Problem Link - Special Sums
Problem Statement
In this problem you are given two lists of N integers, a1, a2, ..., aN and b1, b2, ... bN. For any pair (i, j) with i, j ϵ {1, 2, ..., N} we define the segment from i to j, written as [i, j], to be i, i + 1, ..., j if i ≤ j and i, i + 1, ..., N, 1, 2, ...,j if i > j. Thus if N = 5 then the [2, 4] = {2, 3, 4} and [4, 2] = {4, 5, 1, 2}.

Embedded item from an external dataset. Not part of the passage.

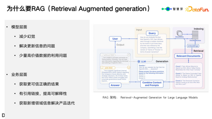 (2)在业务层面: * 获得更可信的正确结果。尤其是在生成涉及侵权或法律方面的结果时,对精度的要求非常高。 * 有引用链接,提高可解释性。当客户获取生成的结果时,通常要求其具有可解释性和可追溯性,以证明整个链路的可信性。因此,每个回答都必须提供相应的链接地址,这也是产品需求的一部分。 * 获得新增领域信息以解决产品迭代问题。因为模型更新需要产品迭代,因此如果需要在短期内立即上线,RAG 是一个可行的解决方案。
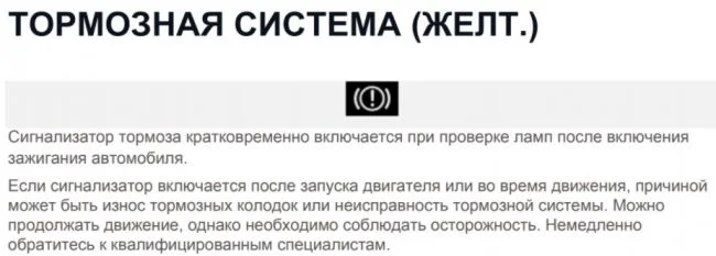 Третий значок говорит об активировании тормозов (о том, что колёса заторможены).

With each segment [i, j] we associate a special sum SSum[i, j] as follows:
- SSum[i, i] = ai.
- If i ≠ j then,
The positions i and j contribute ai and aj, respectively, to the sum while every other position k in [i, j] contributes bk.
Approach
To solve the problem, the logic involves handling the circular nature of the arrays. We first extend both a and b by appending their values to themselves, effectively doubling their length. This allows us to handle the wrap-around nature of segments [i,j] directly. We compute a prefix sum array for b to quickly calculate the sum of b- values in any segment. A deque is used as a sliding window to keep track of potential starting points i for the maximum SSum[i,j]. For each ending index j, we calculate the possible SSum[i,j] by considering the best starting index from the deque. The deque is maintained to ensure it always provides the maximum SSum for valid starting points within the range.
Time Complexity
The solution runs in O(N) due to the single traversal of the extended arrays and efficient deque operations.
Space Complexity
The space complexity is O(N), as we use arrays and a deque proportional to the input size.